Театр рассказа - страница 23



Данное определение чтецкого реализма наглядно показывает, в каких мучительных противоречиях находится теория чтецкого искусства, стремящаяся решать основные вопросы своего искусства с общеэстетических позиций при неразрешенности основного противоречия современного периода искусства живого слова, противоречия между чтением и рассказом.

Исходя из общеэстетического понимания реализма, Артоболевский стремится найти приемы правдивого отражения действительности чтецкого искусства. Но, ограничивая эстетическую задачу этого искусства «чтением», то есть передачей литературного произведения, он оказывается вынужденным подменять для чтецкого искусства реальную действительность литературным произведением, как реально историческим фактом.

Если ограничивать задачи художественного слова одним лишь чтением, тогда действительно чтец должен стремиться только лишь к наиболее полной передаче самого текста литературного материала, чего и достаточно при чтении литературного произведения с листа. Художественная задача чтеца в данном случае действительно может быть полностью ограничена «выразительностью» его чтения.

Но если речь идет об устном исполнении литературного произведения, если чтец выходит на сцену и начинает как бы своими словами передавать литературный материал, то есть рассказывать о событиях им повествуемых, то видимо, уже не достаточно стремиться к «воспроизведению самого литературного произведения».

В данном случае чтец обращает внимание зрителя не на текст, которого перед ним нет, не на книгу, а на события, о которых он рассказывает. Поэтому перенесение эстетических задач чтения литературных произведений с листа на устное исполнение литературных произведений не только художественно ограничивает эстетические принципы данного искусства, но и приводит к серьезным теоретическим ошибкам.

Так, говоря о том, что «объектом реалистического воспроизведения в искусстве художественного слова является само литературное произведение», Артоболевский вынужден утверждать, что «само литературное произведение – это факт действительности им обусловленный», то есть, вынужден приходить к отождествлению литературного произведения с самой действительностью, что, как известно, утверждает субъективно-идеалистическая эстетика, отождествляя искусство с действительностью, и что в свое время было подвергнуто острой критике В. И. Лениным.

В своих «философских тетрадях» Ленин приводит слова Фейербаха о том, что «искусство не требует признания его произведений за действительность». И наиболее развернуто эта концепция критикуется им в «Материализме и эмпириокритицизме». Полемизируя с Богдановым, который писал, что «общественное бытие и общественное сознание в точном смысле этих слов тождественны», В. И. Ленин говорит: «Общественное бытие и общественное сознание не тождественны, совершенно точно так же, как не тождественно бытие вообще и сознание вообще». И далее: «Общественное сознание [отражает] общественное бытие – вот в чем состоит учение Маркса.
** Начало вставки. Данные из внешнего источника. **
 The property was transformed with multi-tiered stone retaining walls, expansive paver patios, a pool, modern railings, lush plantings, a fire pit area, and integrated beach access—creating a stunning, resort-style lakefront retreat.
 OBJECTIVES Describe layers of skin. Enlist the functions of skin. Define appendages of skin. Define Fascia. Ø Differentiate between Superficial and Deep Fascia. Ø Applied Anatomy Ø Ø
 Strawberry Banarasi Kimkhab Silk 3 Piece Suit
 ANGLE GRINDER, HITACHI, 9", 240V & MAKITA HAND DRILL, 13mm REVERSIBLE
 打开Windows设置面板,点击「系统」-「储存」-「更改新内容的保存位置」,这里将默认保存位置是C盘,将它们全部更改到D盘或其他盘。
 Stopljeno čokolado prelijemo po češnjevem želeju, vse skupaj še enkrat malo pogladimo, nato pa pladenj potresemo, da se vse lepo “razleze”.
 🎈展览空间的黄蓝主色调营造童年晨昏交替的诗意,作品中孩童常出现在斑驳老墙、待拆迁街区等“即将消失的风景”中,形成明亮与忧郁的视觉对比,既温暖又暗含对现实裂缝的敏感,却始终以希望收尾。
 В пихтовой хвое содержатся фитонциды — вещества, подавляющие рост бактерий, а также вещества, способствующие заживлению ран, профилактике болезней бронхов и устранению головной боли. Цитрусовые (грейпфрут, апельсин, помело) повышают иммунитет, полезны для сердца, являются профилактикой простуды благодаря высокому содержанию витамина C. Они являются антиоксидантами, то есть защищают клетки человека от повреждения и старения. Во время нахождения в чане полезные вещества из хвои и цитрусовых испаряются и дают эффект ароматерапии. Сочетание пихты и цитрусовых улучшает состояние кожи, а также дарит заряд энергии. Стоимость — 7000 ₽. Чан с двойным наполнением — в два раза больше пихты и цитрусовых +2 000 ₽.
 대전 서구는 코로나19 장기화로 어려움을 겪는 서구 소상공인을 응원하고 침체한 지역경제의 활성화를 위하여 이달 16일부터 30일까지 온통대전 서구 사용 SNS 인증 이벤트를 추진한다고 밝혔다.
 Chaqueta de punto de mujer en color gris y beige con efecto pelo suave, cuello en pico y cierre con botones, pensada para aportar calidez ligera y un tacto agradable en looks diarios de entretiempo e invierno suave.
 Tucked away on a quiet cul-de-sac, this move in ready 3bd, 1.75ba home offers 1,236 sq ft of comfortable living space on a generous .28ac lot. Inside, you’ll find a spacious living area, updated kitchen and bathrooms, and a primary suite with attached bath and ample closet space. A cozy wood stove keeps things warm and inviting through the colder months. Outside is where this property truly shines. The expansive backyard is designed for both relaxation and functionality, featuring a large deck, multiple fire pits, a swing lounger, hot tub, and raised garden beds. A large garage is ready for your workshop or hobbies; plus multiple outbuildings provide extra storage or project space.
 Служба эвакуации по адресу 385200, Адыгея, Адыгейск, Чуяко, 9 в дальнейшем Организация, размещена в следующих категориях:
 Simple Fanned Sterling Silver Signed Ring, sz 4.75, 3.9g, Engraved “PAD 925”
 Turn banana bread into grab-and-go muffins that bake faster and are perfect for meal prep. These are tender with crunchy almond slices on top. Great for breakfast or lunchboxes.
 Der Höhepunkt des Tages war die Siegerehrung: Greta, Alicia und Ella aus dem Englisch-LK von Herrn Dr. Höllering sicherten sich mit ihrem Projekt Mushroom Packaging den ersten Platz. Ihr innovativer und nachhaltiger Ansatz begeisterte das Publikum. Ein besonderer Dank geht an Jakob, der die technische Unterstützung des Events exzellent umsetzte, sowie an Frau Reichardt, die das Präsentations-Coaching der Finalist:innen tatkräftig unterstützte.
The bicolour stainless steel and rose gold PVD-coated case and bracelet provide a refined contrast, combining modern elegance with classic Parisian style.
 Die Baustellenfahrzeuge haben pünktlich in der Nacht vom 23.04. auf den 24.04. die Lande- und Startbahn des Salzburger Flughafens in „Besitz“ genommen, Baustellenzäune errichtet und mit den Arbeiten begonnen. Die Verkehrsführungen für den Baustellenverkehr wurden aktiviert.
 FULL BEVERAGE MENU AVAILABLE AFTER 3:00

Отражение может быть верной приблизительно копией отражаемого, но о тождестве тут говорить нелепо».[7]

Чтецкое искусство, конечно, отражает не литературные произведения, а реальную действительность, хотя, как и всякое исполнительское искусство, делает это не самостоятельно, а на материале литературного произведения, или можно сказать, через литературное произведение. Считать, что чтец отражает литературу, это равносильно утверждению того, что театр отражает не действительность, а драматургию. Естественно, что к такому выводу можно было придти только в силу теоретической неразработанности основных проблем чтецкого искусства, что, как мы увидим дальше, тесно связано с его эстетической и психологической незавершенностью.